Case Study: Simple Extrapolation¶
In this case study, we examine a simple extrapolation problem. We show first how not to solve this problem. A better solution follows, together with a discussion of priors and Bayes factors.

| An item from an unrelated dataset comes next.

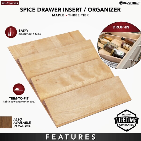 The popular Rev-A-Shelf 4SDI Spice Drawer Inserts are available in beautiful maple or walnut! Designed for 36" or smaller base cabinet drawers, this trim-to-fit insert features walnut or maple construction with a satin finish, one rear storage compartment and up to (3) tiers for all your spices. Combine with our 4WD Wood Dividers or use individually to fit your exact organizational needs.
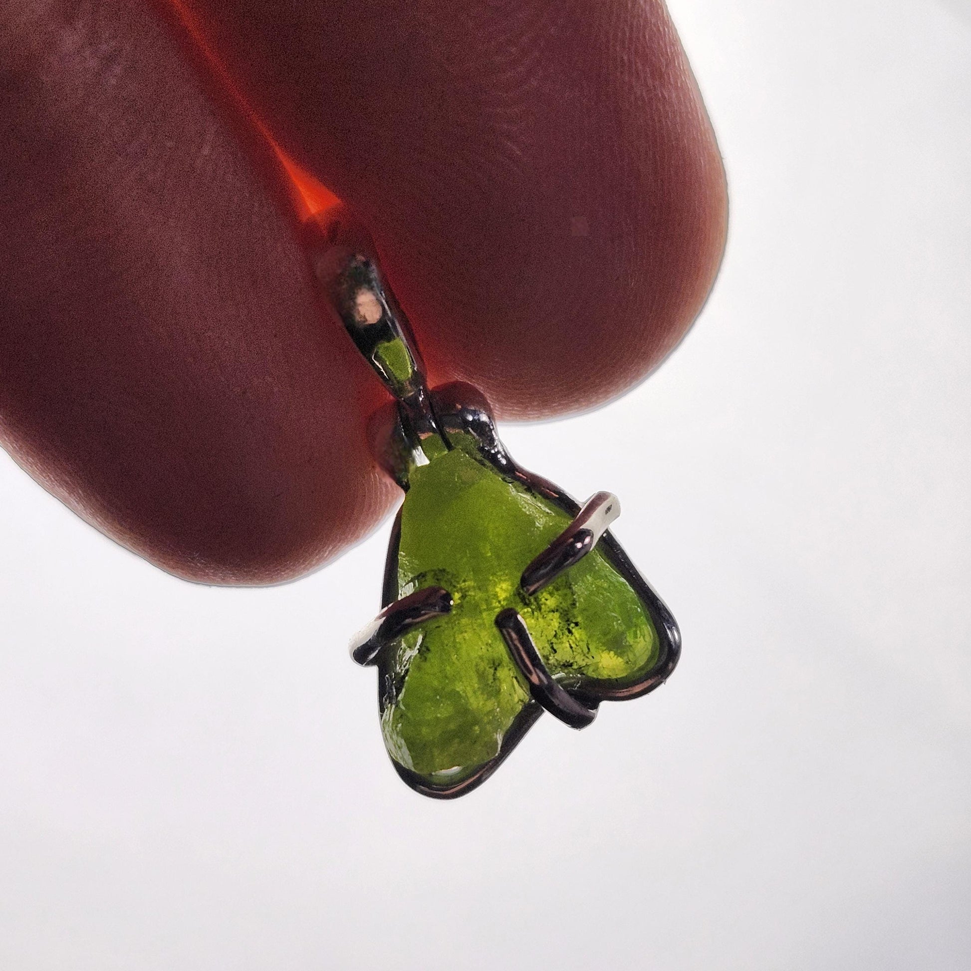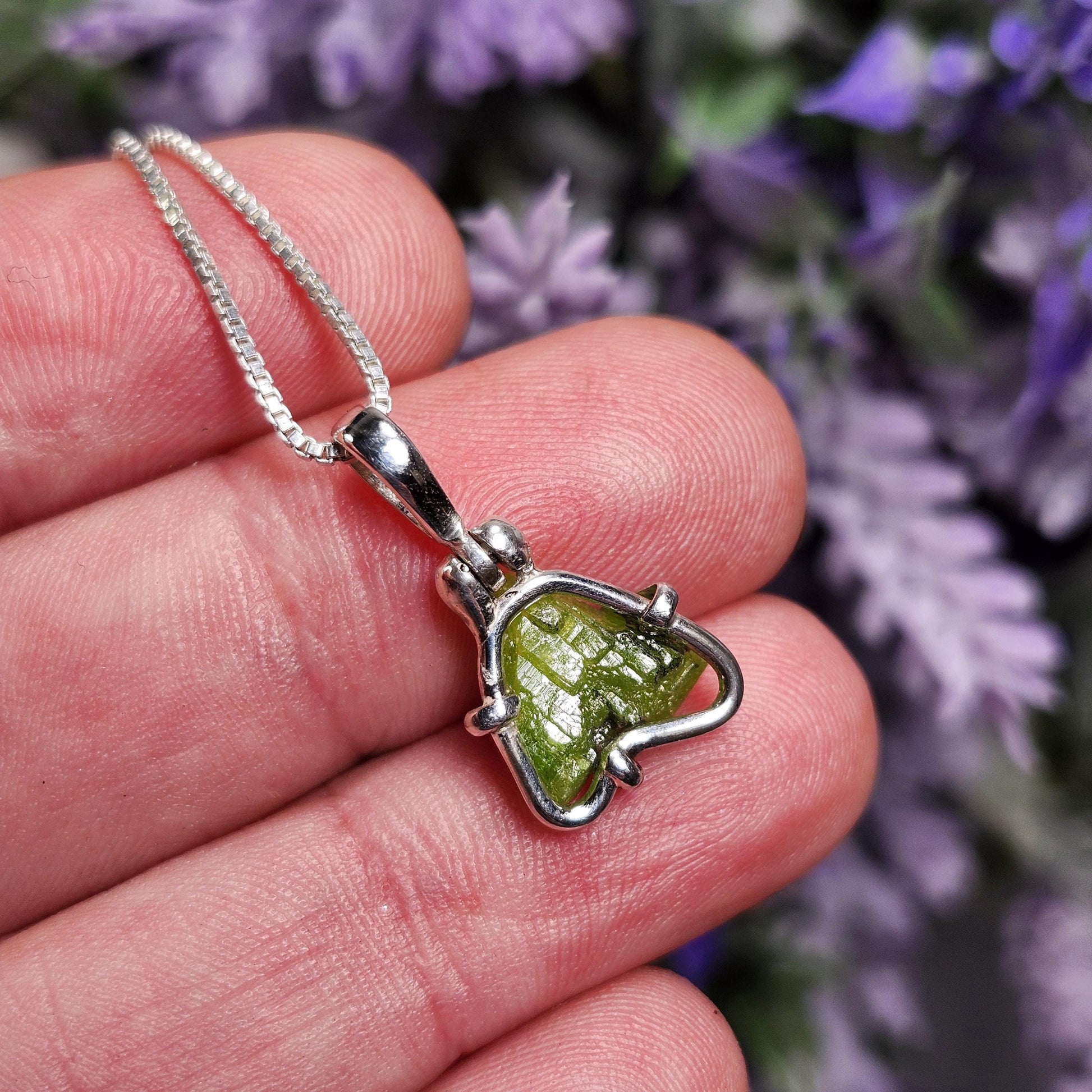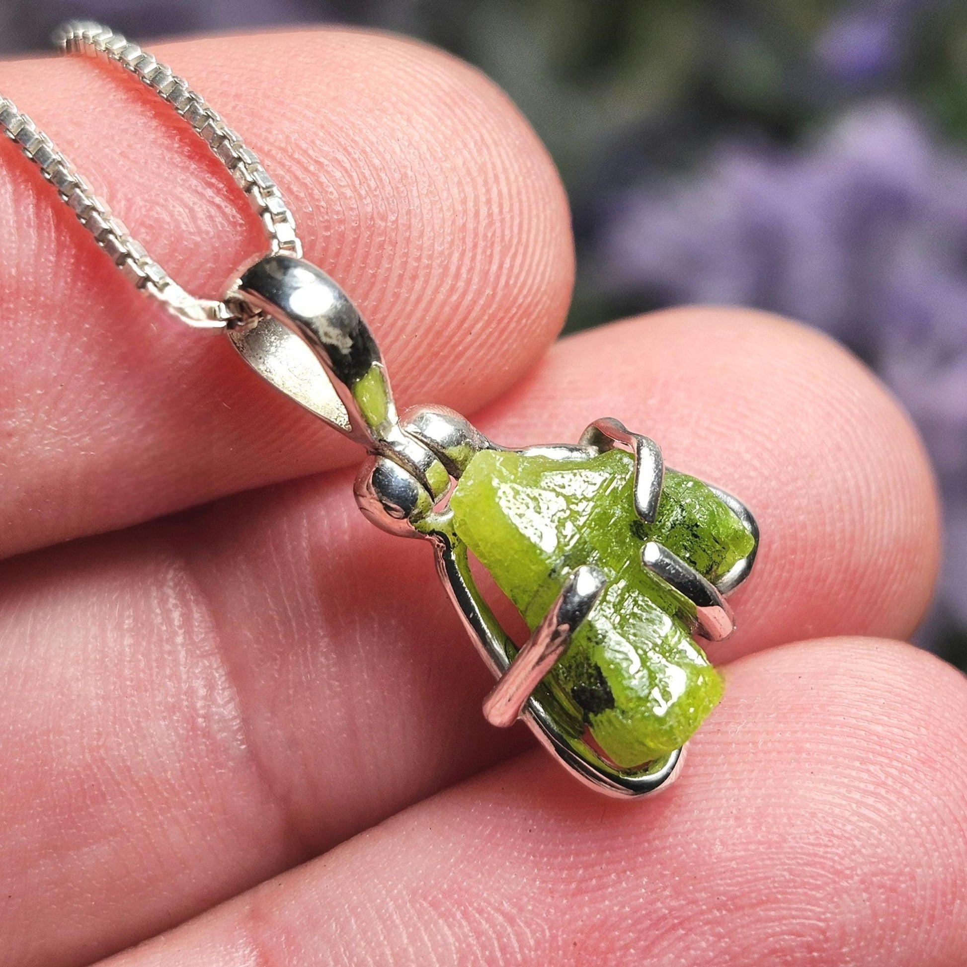 This lime green Pyromorphite crystal is in its raw form, exhibiting a shine on its rough surface. This crystal has been custom created into a sturdy piece of jewelry using .925 Sterling Silver. This pendant measures approximately 18mm by 11mm. The silver chain used in the photos is to help envision how this pendant will look while adorned but is not included in the listing.

Finally a very simple, alternative solution, using marginalization, is described.
The Problem¶
Consider a problem where we have five pieces of uncorrelated data for a
function y(x)
:
x[i] y(x[i])
----------------------
0.1 0.5351 (54)
0.3 0.6762 (67)
0.5 0.9227 (91)
0.7 1.3803(131)
0.95 4.0145(399)
We know that y(x)
has a Taylor expansion in x
:
y(x) = sum_n=0..inf p[n] x**n
The challenge is to extract a reliable estimate for y(0)=p[0]
from the
data — that is, the challenge is to fit the data and use
the fit to extrapolate the data to x=0
.
A Bad Solution¶
One approach that is certainly wrong is to fit the data with
a power series expansion for
y(x)
that is truncated after five terms (n<=4
) —
there are only five pieces of data and such a fit would have five
parameters.
This approach gives the following fit, where the gray band shows the 1-sigma
uncertainty in the fit function evaluated with the best-fit parameters:
This fit was generated using the following code:
import numpy as np
import gvar as gv
import lsqfit
# fit data
y = gv.gvar([
'0.5351(54)', '0.6762(67)', '0.9227(91)', '1.3803(131)', '4.0145(399)'
])
x = np.array([0.1, 0.3, 0.5, 0.7, 0.95])
# fit function
def f(x, p):
return sum(pn * x ** n for n, pn in enumerate(p))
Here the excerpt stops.